Collected data:
************
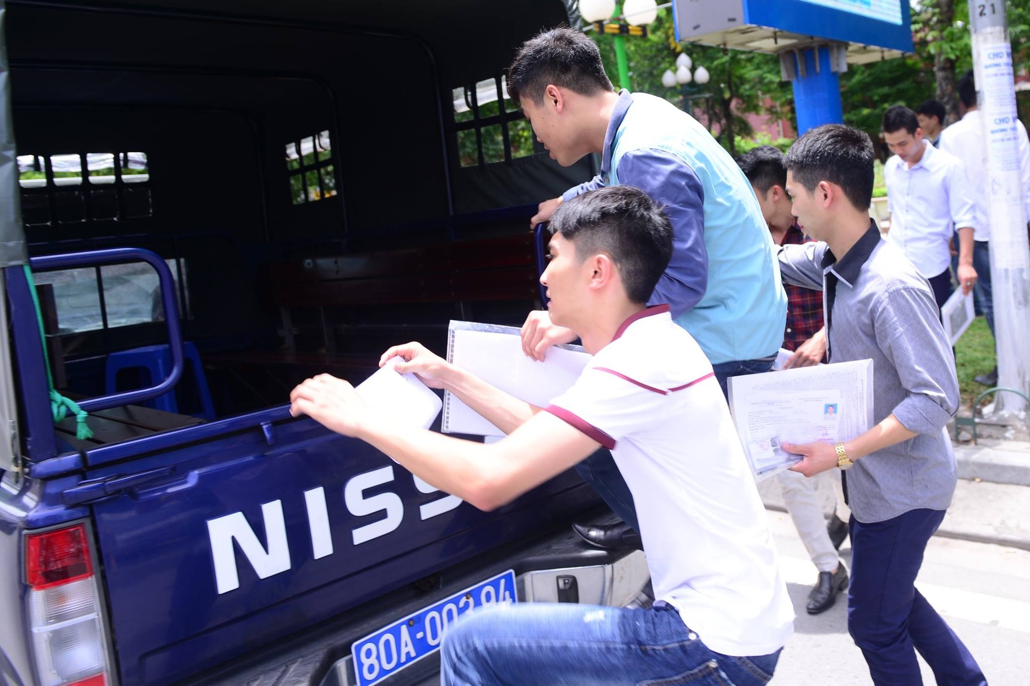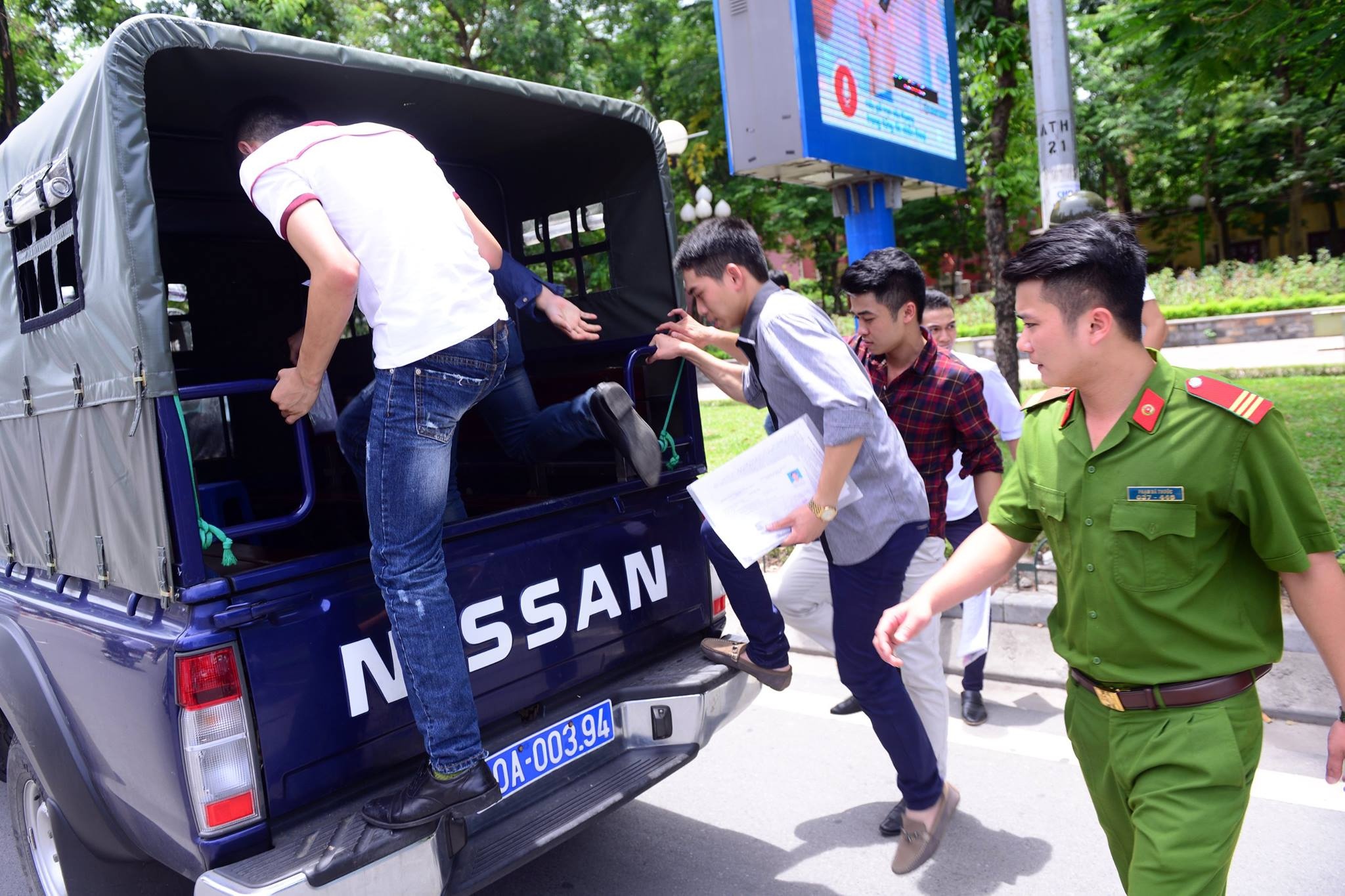 | Sau giờ thi, những thí sinh này được xe công đón về đơn vị. |
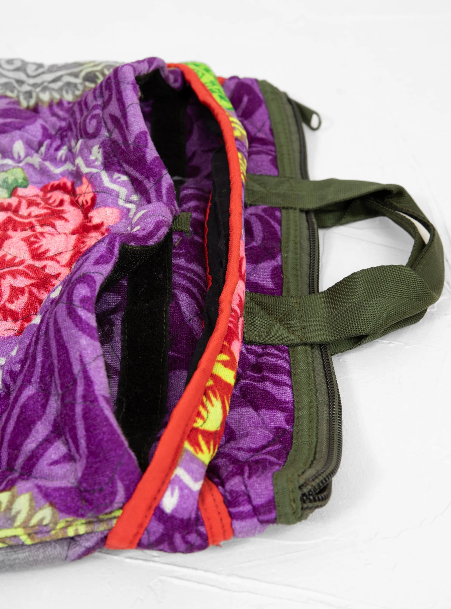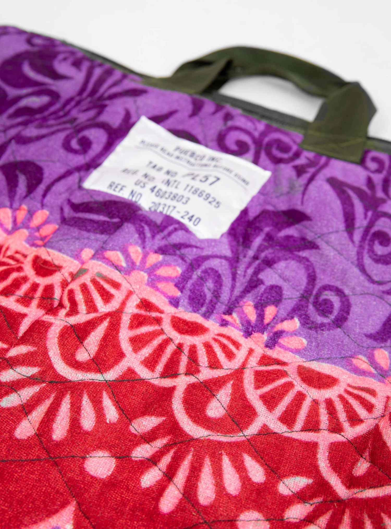 The Mao Helmet Bag by Japanese brand PUEBCO is crafted from recycled fabric that has been quilted and distributed in India for bedding. Coming in a vibrant purple, the spacious tote has a zip fastening, short handles and a velcro front pocket.
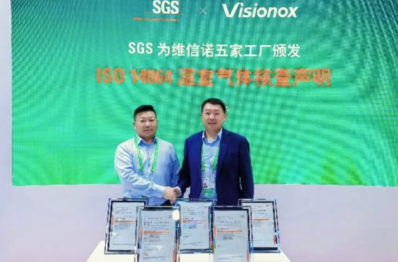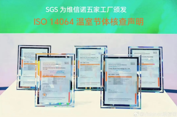 近日,在第八届中国国际进口博览会上,维信诺五家工厂集体获颁ISO 14064温室气体核查声明,进一步夯实绿色低碳责任,彰显可持续发展的责任与决心。此次五家工厂同时获得SGS颁发的ISO 14064 温室气体排放核查声明,既是对维信诺可持续发展成果的认可,也标志着在绿色低碳管理体系构建上,维信诺走在行业前列。
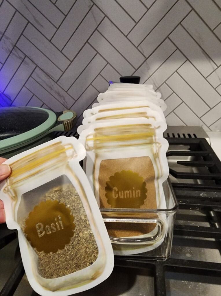 In addition to spices, these reusable bags are great for storing snacks during road trips.
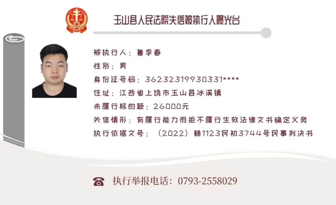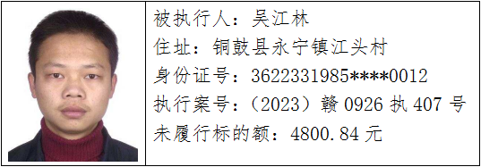 执行案号:(2023)赣0781执926号
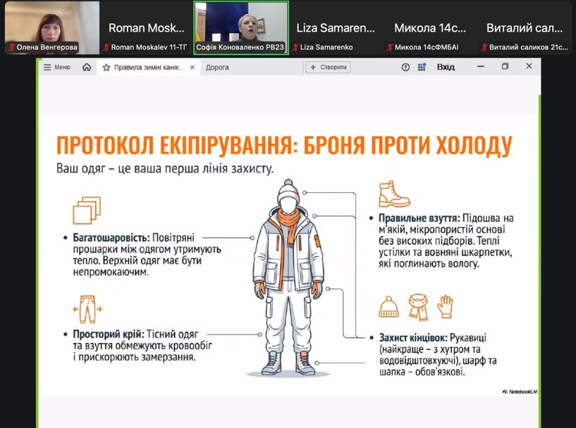 Проведення вебінару у змішаному форматі дало змогу залучити широку аудиторію здобувачів і поєднати живу взаємодію з дистанційною участю. Захід мав чітко виражений практичний характер і був спрямований на формування відповідальної та свідомої поведінки в умовах підвищених ризиків зимового періоду.
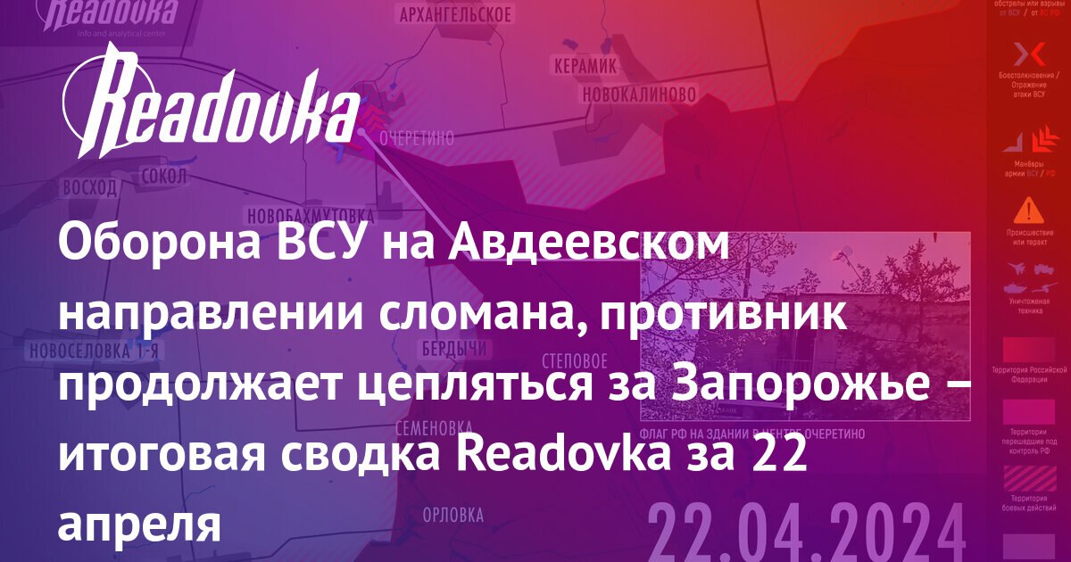 Заход русской армии в Очеретино, ненасытный Зеленский и бесперспективность борьбы с Россией — итоговая сводка Readovka с фронтов и внешнеполитического контура за 22 апреля
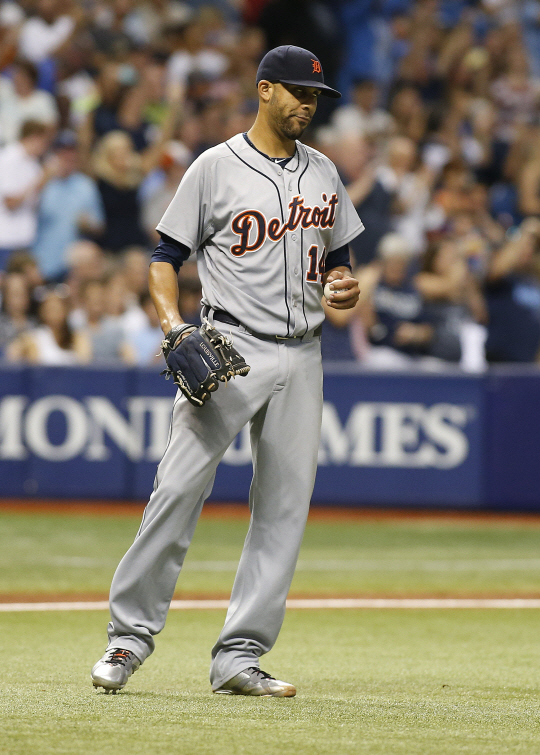 | ST. PETERSBURG, FL - JULY 28: Pitcher David Price #14 of the Detroit Tigers reacts on the field after allowing a two-run home run by Curt Casali #19 of the Tampa Bay Rays during the fourth inning of a game on July 28, 2015 at Tropicana Field in St. Petersburg, Florida. Brian Blanco/Getty Images/AFP |
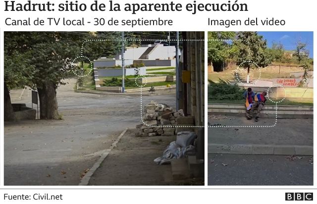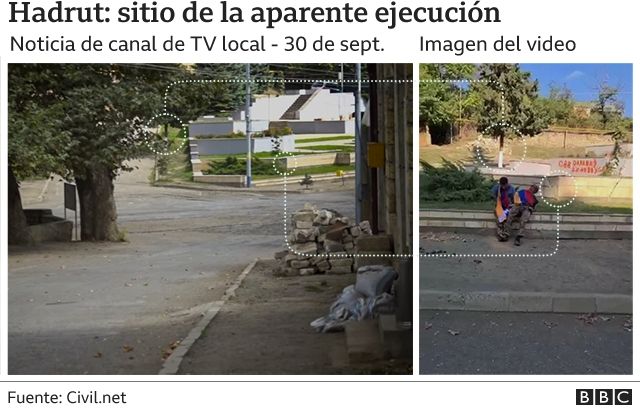 La BBC analizó los videos y confirmó que fueron filmados en Hadrut, una ciudad que ha sido testigo de intensos combates. Está en el sur de Nagorno Karabaj, cerca de Fuzuli.
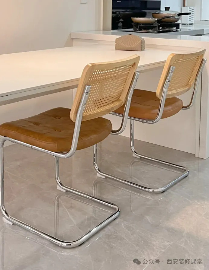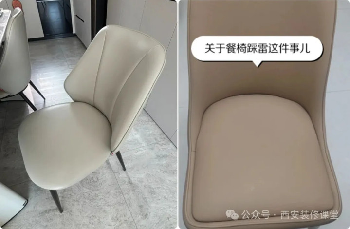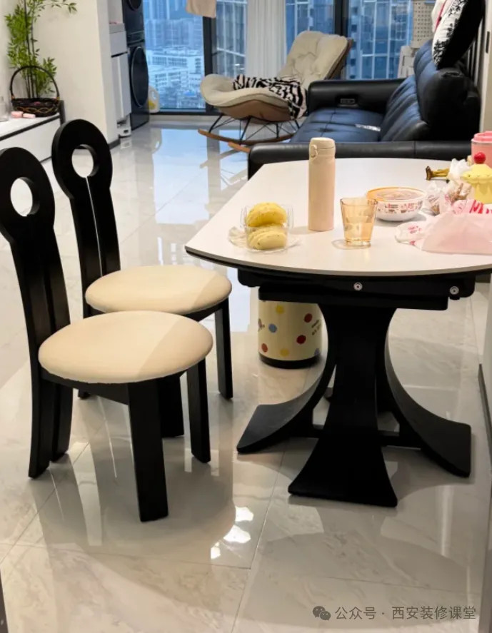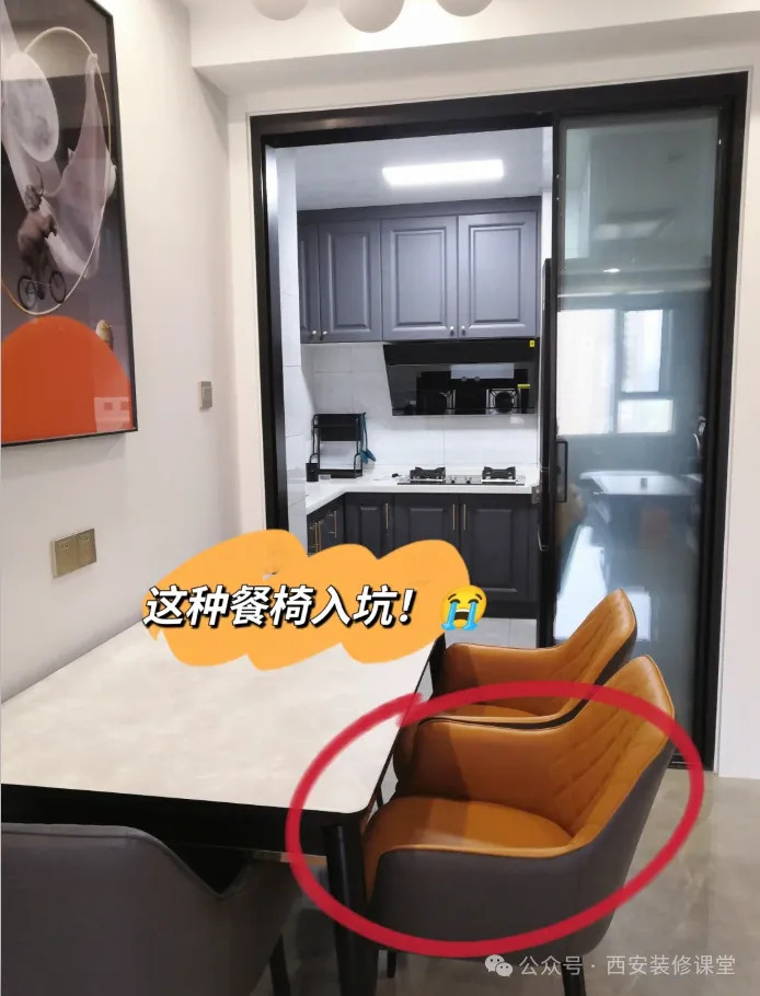 网友@奶油家:最好不要碰这种餐椅,软包范围太大,太容易脏了,特别是家里有孩子的,只要稍微蹭一蹭就黑一圈,而且压根擦不掉,时间久了压根看不到当初的本色了;弧度的靠背导致餐椅不用的时候无法完全塞进餐桌下方,靠近厨房位置导致过道非常狭窄。
************
**TASK TO COMPLETE:** Pictures excluded, print only the lines from the one with "执行案号:(2023)赣0781执926号" through the end of the entries above, exactly as written.

**SOLUTION BELOW:**
 执行案号:(2023)赣0781执926号
 Проведення вебінару у змішаному форматі дало змогу залучити широку аудиторію здобувачів і поєднати живу взаємодію з дистанційною участю. Захід мав чітко виражений практичний характер і був спрямований на формування відповідальної та свідомої поведінки в умовах підвищених ризиків зимового періоду.
 Заход русской армии в Очеретино, ненасытный Зеленский и бесперспективность борьбы с Россией — итоговая сводка Readovka с фронтов и внешнеполитического контура за 22 апреля
 | ST. PETERSBURG, FL - JULY 28: Pitcher David Price #14 of the Detroit Tigers reacts on the field after allowing a two-run home run by Curt Casali #19 of the Tampa Bay Rays during the fourth inning of a game on July 28, 2015 at Tropicana Field in St. Petersburg, Florida. Brian Blanco/Getty Images/AFP |
 La BBC analizó los videos y confirmó que fueron filmados en Hadrut, una ciudad que ha sido testigo de intensos combates. Está en el sur de Nagorno Karabaj, cerca de Fuzuli.
 网友@奶油家:最好不要碰这种餐椅,软包范围太大,太容易脏了,特别是家里有孩子的,只要稍微蹭一蹭就黑一圈,而且压根擦不掉,时间久了压根看不到当初的本色了;弧度的靠背导致餐椅不用的时候无法完全塞进餐桌下方,靠近厨房位置导致过道非常狭窄。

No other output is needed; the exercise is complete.